Researchers are also applying this type of wireless power transfer to battery-less pacemakers; Rice University researchers, led by electrical and computer engineering professor Aydin Babakhani, have introduced a pacemaker, meant to be implanted either in or on the heart, that can harvest energy wirelessly through an external battery pack.
Super storage
All of these devices that harvest energy, whether it’s for powering ingestible bioelectronics or leadless pacemakers, require supercapacitors capable of energy storage.

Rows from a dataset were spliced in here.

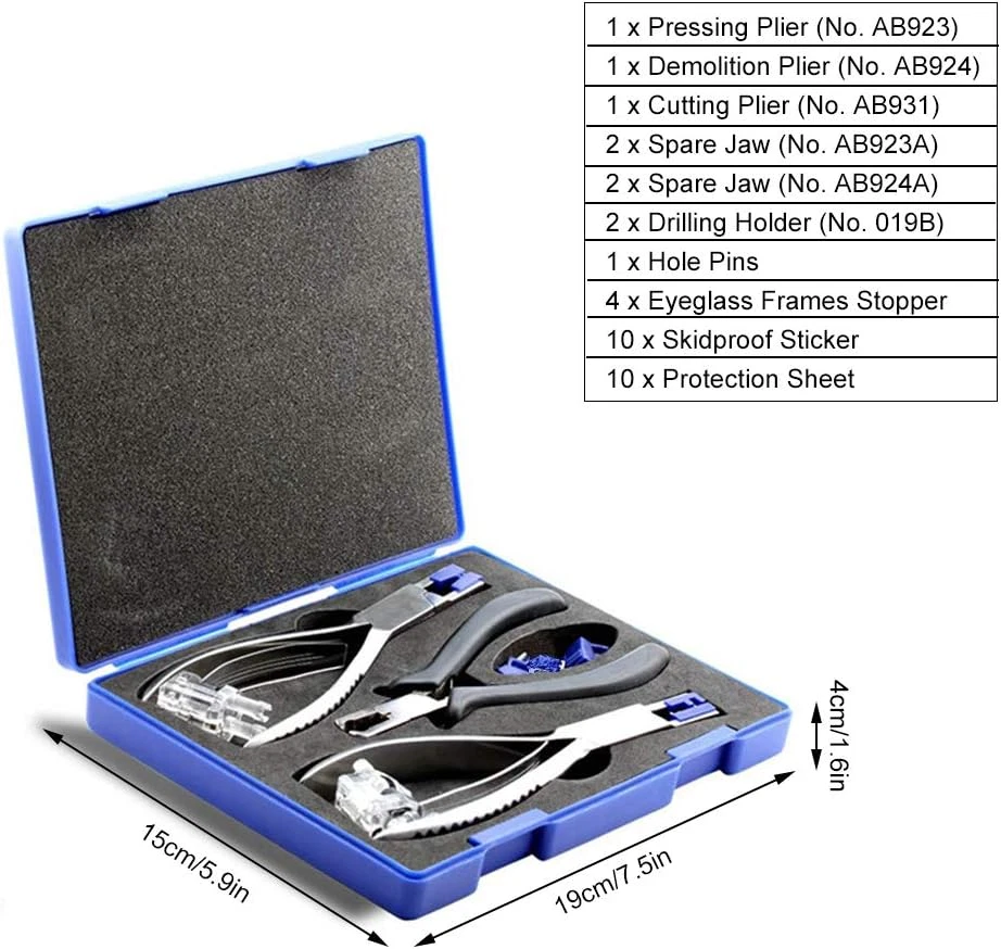 Store New Arrivals Add to Favorite View Feedback Contact Rimless Glasses Frame Silhouettes Eyeglass Optical Kit, Glasses Frame Plier Eyeglass Plier Professional Eyeglasses Plier Set Rimless Disassembly Glasses Frames Optical Tools Kit Description Item model number Cimenn-GZP-66121155 Part Number Cimenn-GZP-66121155 Batteries Required? No Color Stainless Steel,blue Material Stainless Steel Country of Origin China Grip Type Ergonomic Specific Uses For Product Professional Item Weight 570 Grams Handle Material Stainless,Plastic,Metal,Steel Batteries Included? No Package Dimensions 7.48 x 5.91 x 1.57 inches lasting AND PRACTICAL: Made of high quality stainless steel material, and the tip of plier equiped with plastic cover, so that the lens of glasses will not be scrab, help you avoid unnecessary losses, please rest assured that use our products HAND TOOLS: there are three different type of pliers in our glasses plier Kit, the cutting pliers(only for plastic plug not metal), demolition tongs, and installation pliers can help you repair rimless glasses quickly and perfectly APPLY: Professional eyeglasses pliers for glasses repair, comes with different types accessories, can help you save more time, if you are glasses repairer or people who often need glasses, this may be a good assitant for you EXQUISITE WORKMANSHIP: Outdoor stainless steel multi tool plier portable pocket mini camping Kit, the handle of these glasses repair pliers are designed with spring, it will automatically after use, Non-slip design on the edges, can provide more comfortable experience for you CONVENIENT TO CARRY: a eyeglasses repair tool set for you,packing with nice blue plastic case, it is light weight about 570 g/20.1 oz, you can take it on hand, or put into your bag and the car, very easy to carry Features: 1. Made of high grade material, which is lasting and practical. 2. Professional tools kit for rimless frame. 3. Quick and easy to repair glasses frames perfectly. 4. Packing with nice blue plastic case, convenient to carry. 5. A eyeglasses repair tool set for you. Specification: Condition: Brand New Type: Eyeglass Pliers Set Plier Material: Stainless Steel Color: As Pictures Show Package Weight: Approx. 550g Package Included: 1 x Pressing Plier (No. AB923) 1 x Pressing Plier (No. AB924) 1 x Cutting Plier (No. AB931) 2 x Spare Jaw (No. AB923A) 2 x Spare Jaw (No. AB924A) 2 x Drilling Holder (No. 019B) 1 x Hole Pins 4 x Eyeglass Frames Stopper 10 x Skidproof Sticker (anti-skid and avoid scratching) 10 x Sheet (prevent the drilling hole from being broken) ABOUT US We offer the best prices around on high quality products. Our E-store includes media such as books, movies, music and games while offering electronics, toys, sporting apparel, clothing, tools, general home, garden items and more. SHIPPING We are always working hard to ensure your package arrives as soon as possible. Please understand that some factors like weather, high postal traffic, and the performance of shipping companies are outside of our control. We offer free shipping to the lower 48 states and ship within 2 business days of payment, usually sooner. We do not accept P.O. Boxes. Please provide a physical address. For shipping outside of the continental USA, we only use eBay's Global Shipping Program.The item is shipped to KY and then sent to the rest of the world. International customers are responsible for all duties and taxes. Continue to check out in order to calculate costs for shipping the item to your country. Messages regarding eBay's Global Shipping Program MUST be directed at eBay EXCLUSIVELY. RETURNS We offer a 30-Day Return Policy on items which you are not completely satisfied with. You have the option for a full-refund or an exchange of the item. No returns are available on items shipped outside of the USA. PAYMENT We accept PayPal. CONTACT US This page content is yet to come Please ad us to your favorite seller and visit again later Thank You CUSTOMER SATISFACTION We try our very best to make sure every customer is completely satisfied. If there's a problem, message us! We're happy to help. WE ACCEPT Copyright © 2021 AutoDS. | All Rights Reserved
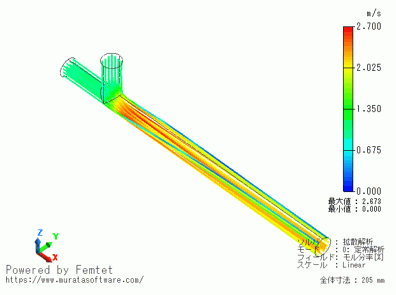 水と、拡散物質の溶け込んだ水溶液をスタティックミキサーで混合する解析です。
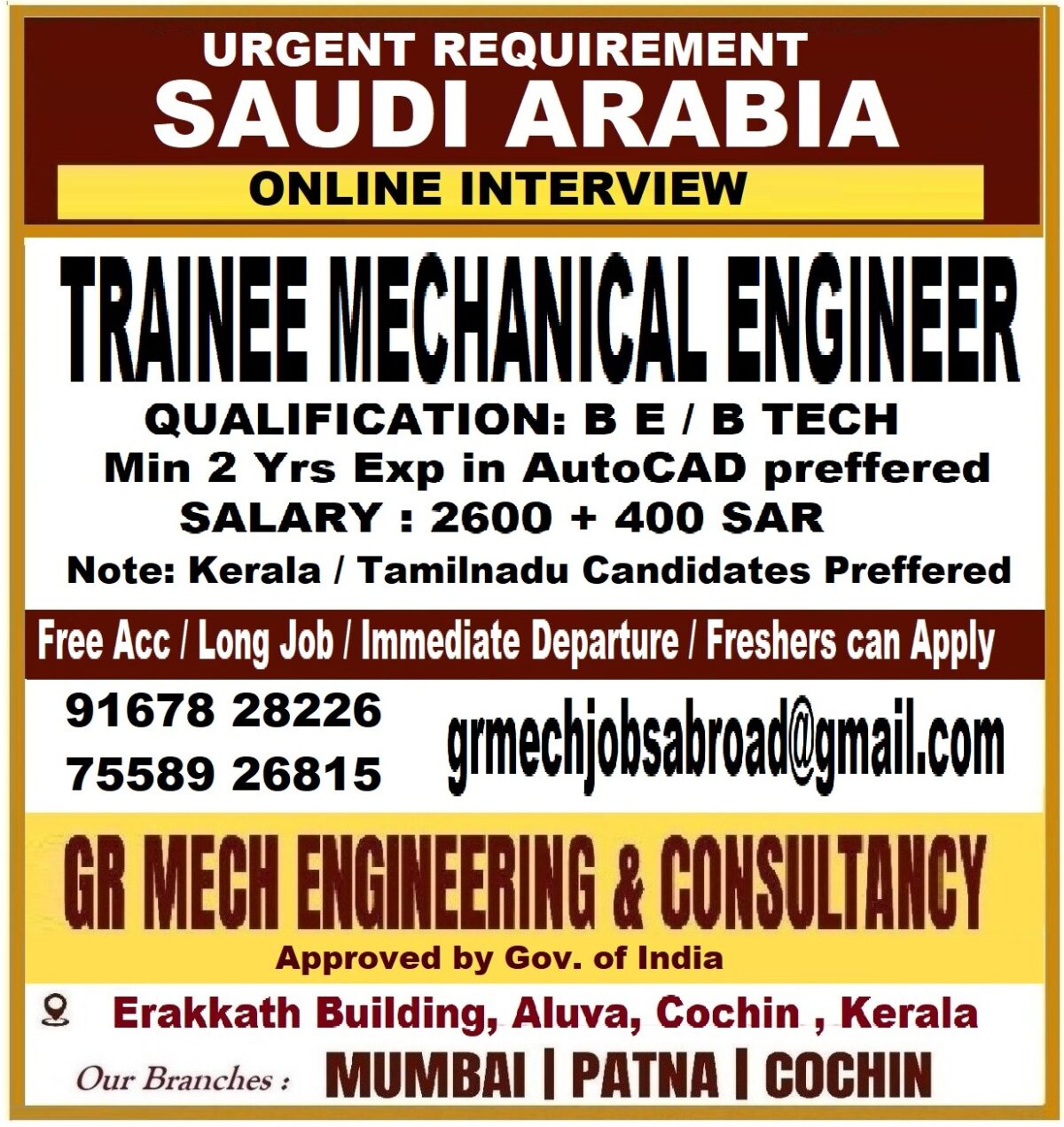 SAUDI ARABIA — URGENT HIRING 🔧 Heavy Engineering / Shipbuilding Company 📍 Direct Client Interview — 29 March | Chennai See Job Detail & Apply March 26, 2026 No Comments
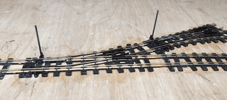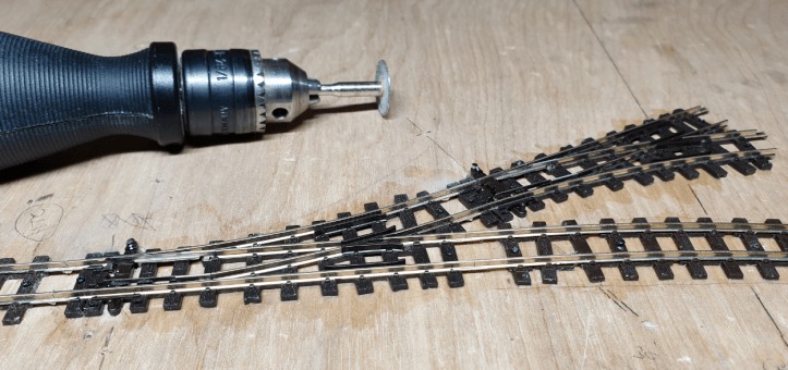 Standard advice is to mark where the pin needs to be cut, remove the point motor, cut the pin and then remount the point motor. I didn’t do this, instead I cut them off in situ using a cutting disc in a mini drill. It worked for me!
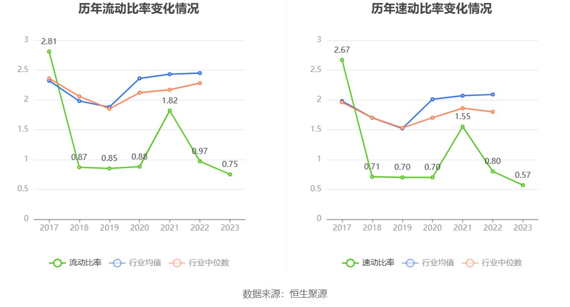 2023年,公司流动比率为0.75,速动比率为0.57。
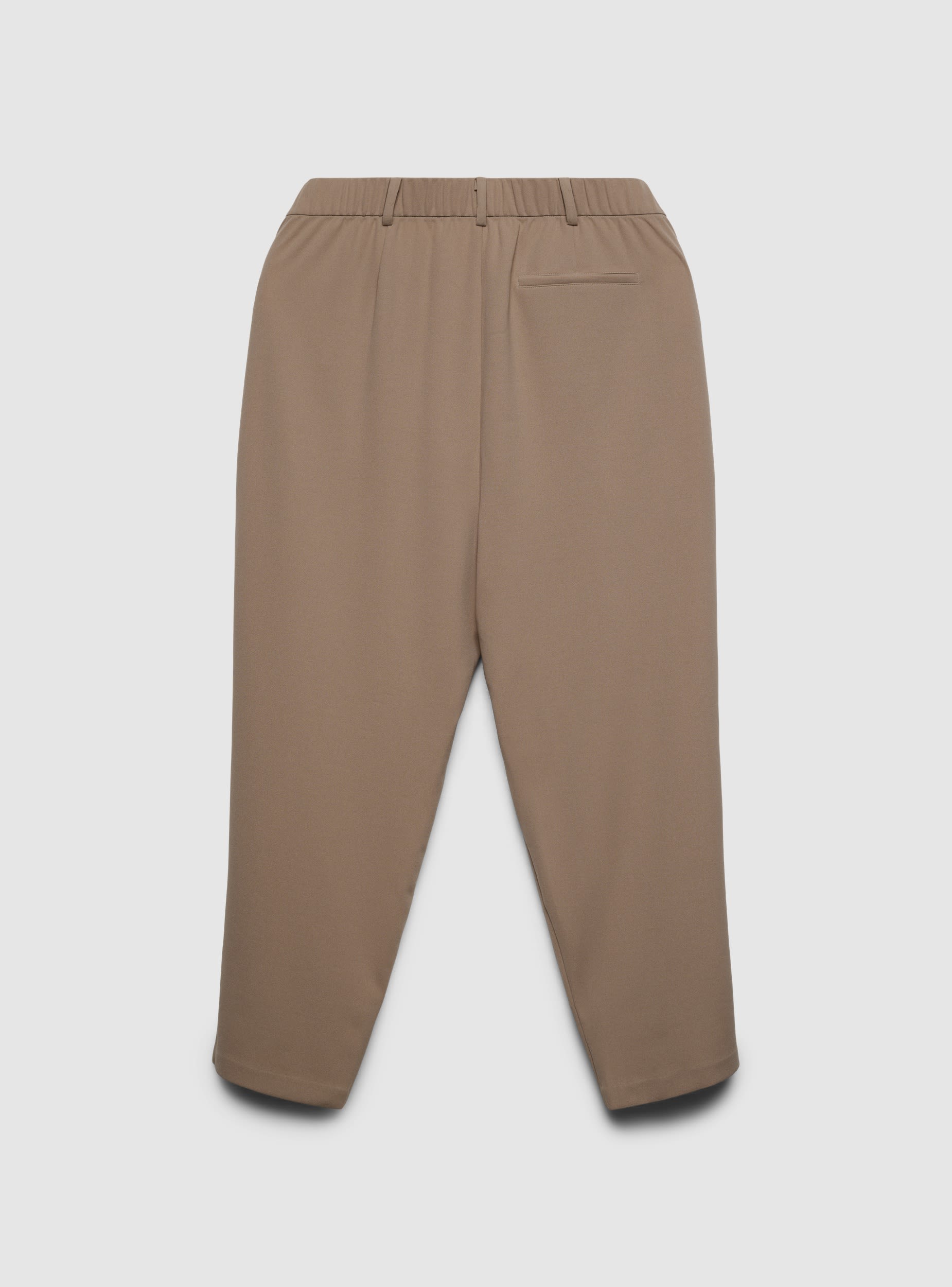 Pantaloni da donna a tinta unita con linea dritta e vita regolare. Chiusura frontale con bottone e zip, passanti per cintura e elastico sul retro per maggiore comfort. Tasche anteriori alla francese e taschino posteriore a filetto. Perfetti per il lavoro o il tempo libero, si abbinano a camicie, blazer o magliette per look versatili dalle scarpe eleganti alle sneakers.Dettagli

In a study published earlier this month (May 9) in Advanced Energy Materials, a team of scientists at the University of California, Los Angeles, and the University of Connecticut designed the first biocompatible supercapacitor that’s also highly efficient, according to lead author Islam Mosa, a bioengineer at the University of Connecticut.
This ultra-thin device is made with single sheets of graphene, a biocompatible carbon-based material, and interspersed with two proteins: positively-charged bovine serum albumin and myoglobin. These layers are then sandwiched between two very thin gold films. When this device is charged, it can be powered by ions from biological fluids—including serum, urine, or blood. According to their report, the device is not toxic to cells in culture and stores energy at a power density “3–11 times higher than commercially available thin-film [electrochemical capacitors].”
Both James Rusling, a bioengineer leading the Connecticut researcher group, and Richard Kaner, a bioengineer in charge of the UCLA group, said that this supercapacitor has a long way to go before it’s tested in people. “That’s a real stretch at this point,” says Rusling. Kaner agrees: “I am working on some commercial devices, but I don’t see this being immediately applicable.”
“There’s a possibility that it can work,” Rusling adds. “But, this is like the first step up the mountain and we’ve only gone 30 feet, and the mountain is 10 miles high.”
M.H. Ansari et al., “Experimental investigation of fan-folded piezoelectric energy harvesters for powering pacemakers,” Smart Materials and Structures, doi:10.1088/1361-665X/aa6cfd, 2017.
M.H. Ansari et al., "A sub-cc nonlinear piezoelectric energy harvester for powering leadless pacemakers," Journal of Intelligent Materials and Structures, doi:10.1177/1045389X17708344, 2017.
A. Zurbuchen et al., “The Swiss approach for a heartbeat-driven lead- and battery-less pacemaker,” Heart Rhythm, doi:10.1016/j.hrthm.2016.10.016, 2017.
A. Abid et al., “Wireless power transfer to millimeter-sized gastrointestinal electronics validated in a swine model,” Scientific Reports, doi:10.1038/srep46745, 2017.
I.M. Mosa et al., “Ultrathin graphene–protein supercapacitors for miniaturized bioelectronics,” Advanced Energy Materials, doi:10.1002/aenm.201700358, 2017.